Provided material: Begin

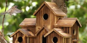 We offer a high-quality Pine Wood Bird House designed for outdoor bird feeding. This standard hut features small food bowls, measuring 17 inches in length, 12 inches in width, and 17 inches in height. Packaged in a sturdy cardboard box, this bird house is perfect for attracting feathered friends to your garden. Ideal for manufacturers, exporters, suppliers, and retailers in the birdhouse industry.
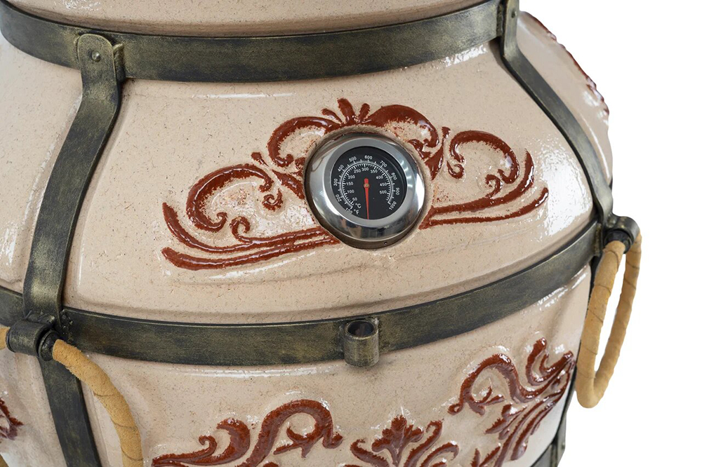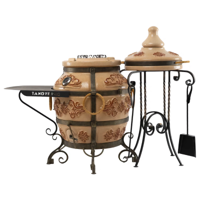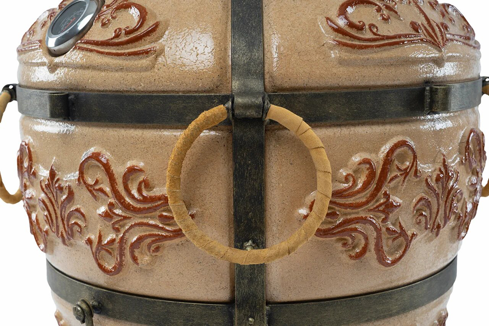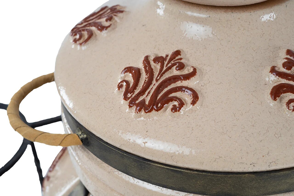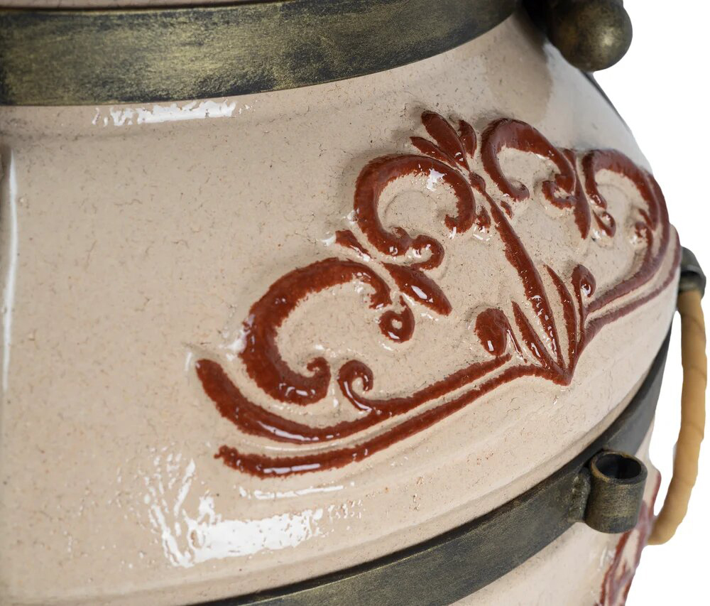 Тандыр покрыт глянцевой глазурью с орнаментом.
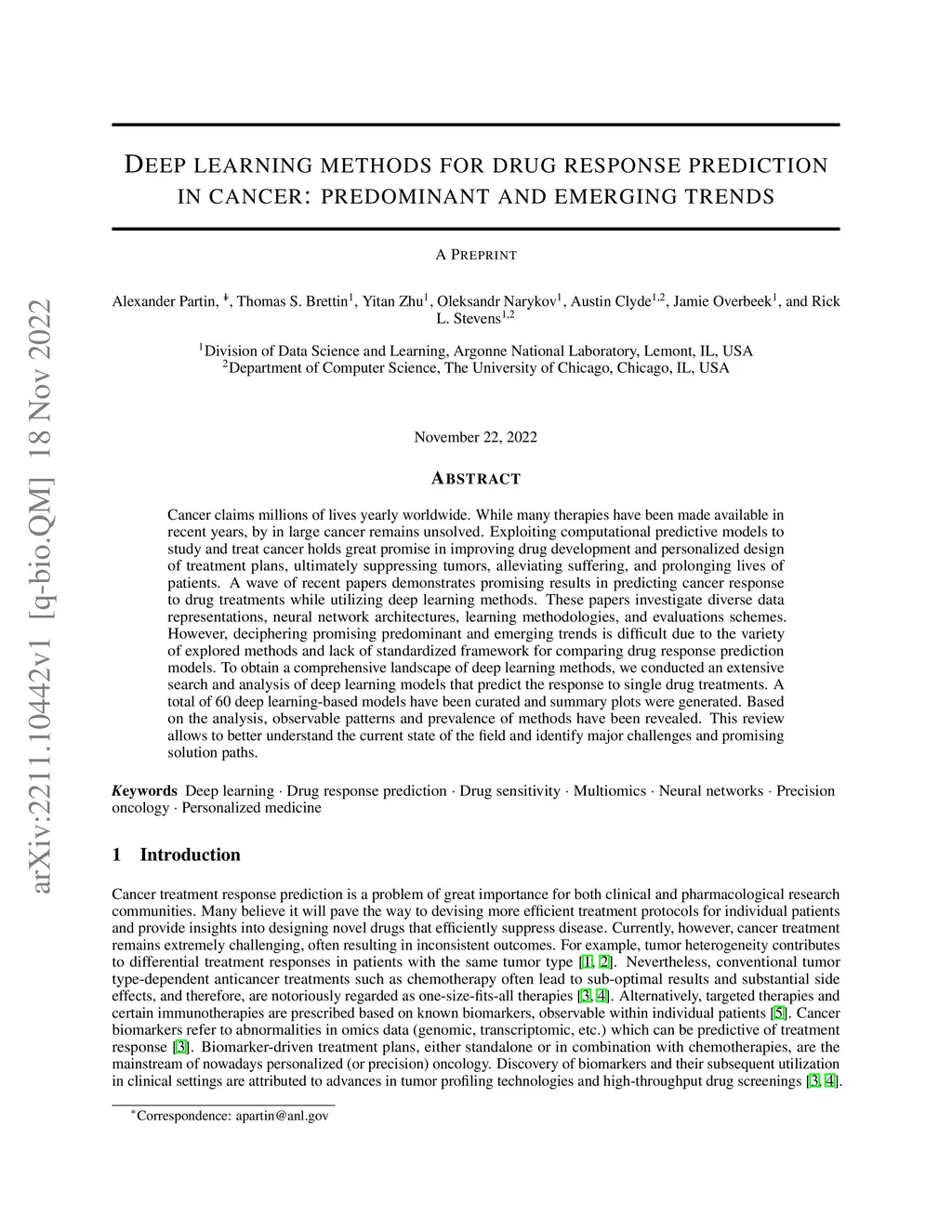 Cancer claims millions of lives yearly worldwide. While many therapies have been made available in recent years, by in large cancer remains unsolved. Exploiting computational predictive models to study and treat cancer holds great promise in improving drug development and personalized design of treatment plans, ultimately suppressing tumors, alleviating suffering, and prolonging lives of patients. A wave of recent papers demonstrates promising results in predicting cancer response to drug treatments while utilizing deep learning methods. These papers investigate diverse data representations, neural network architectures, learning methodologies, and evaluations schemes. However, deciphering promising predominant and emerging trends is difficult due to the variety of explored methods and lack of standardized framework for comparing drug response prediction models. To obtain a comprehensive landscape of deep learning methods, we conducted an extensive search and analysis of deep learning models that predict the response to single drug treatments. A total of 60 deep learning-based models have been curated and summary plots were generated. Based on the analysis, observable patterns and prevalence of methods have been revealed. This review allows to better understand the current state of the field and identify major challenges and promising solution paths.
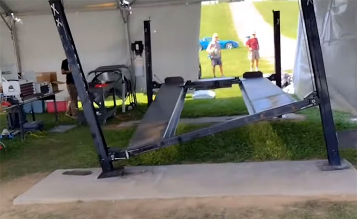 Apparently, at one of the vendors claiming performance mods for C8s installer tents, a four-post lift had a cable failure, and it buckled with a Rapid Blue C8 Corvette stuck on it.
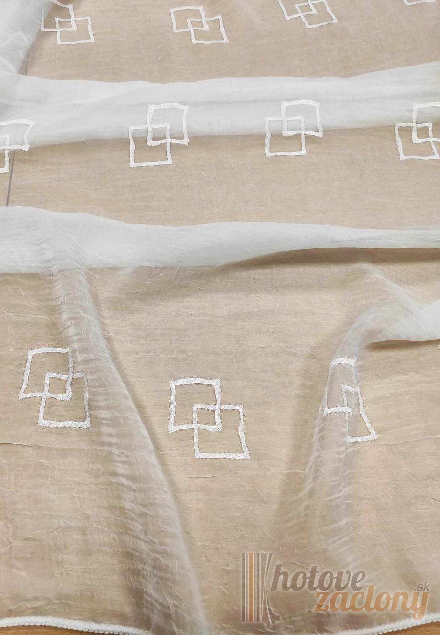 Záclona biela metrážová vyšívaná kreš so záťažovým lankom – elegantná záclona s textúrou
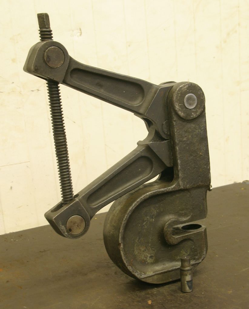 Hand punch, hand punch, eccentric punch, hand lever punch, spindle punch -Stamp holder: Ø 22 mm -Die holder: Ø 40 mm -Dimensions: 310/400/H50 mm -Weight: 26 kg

Provided material: End

[What you need to do]: Reproduce the data word for word; no pictures.

[Response]:
 We offer a high-quality Pine Wood Bird House designed for outdoor bird feeding. This standard hut features small food bowls, measuring 17 inches in length, 12 inches in width, and 17 inches in height. Packaged in a sturdy cardboard box, this bird house is perfect for attracting feathered friends to your garden. Ideal for manufacturers, exporters, suppliers, and retailers in the birdhouse industry.
 Тандыр покрыт глянцевой глазурью с орнаментом.
 Cancer claims millions of lives yearly worldwide. While many therapies have been made available in recent years, by in large cancer remains unsolved. Exploiting computational predictive models to study and treat cancer holds great promise in improving drug development and personalized design of treatment plans, ultimately suppressing tumors, alleviating suffering, and prolonging lives of patients. A wave of recent papers demonstrates promising results in predicting cancer response to drug treatments while utilizing deep learning methods. These papers investigate diverse data representations, neural network architectures, learning methodologies, and evaluations schemes. However, deciphering promising predominant and emerging trends is difficult due to the variety of explored methods and lack of standardized framework for comparing drug response prediction models. To obtain a comprehensive landscape of deep learning methods, we conducted an extensive search and analysis of deep learning models that predict the response to single drug treatments. A total of 60 deep learning-based models have been curated and summary plots were generated. Based on the analysis, observable patterns and prevalence of methods have been revealed. This review allows to better understand the current state of the field and identify major challenges and promising solution paths.
 Apparently, at one of the vendors claiming performance mods for C8s installer tents, a four-post lift had a cable failure, and it buckled with a Rapid Blue C8 Corvette stuck on it.
 Záclona biela metrážová vyšívaná kreš so záťažovým lankom – elegantná záclona s textúrou
 Hand punch, hand punch, eccentric punch, hand lever punch, spindle punch -Stamp holder: Ø 22 mm -Die holder: Ø 40 mm -Dimensions: 310/400/H50 mm -Weight: 26 kg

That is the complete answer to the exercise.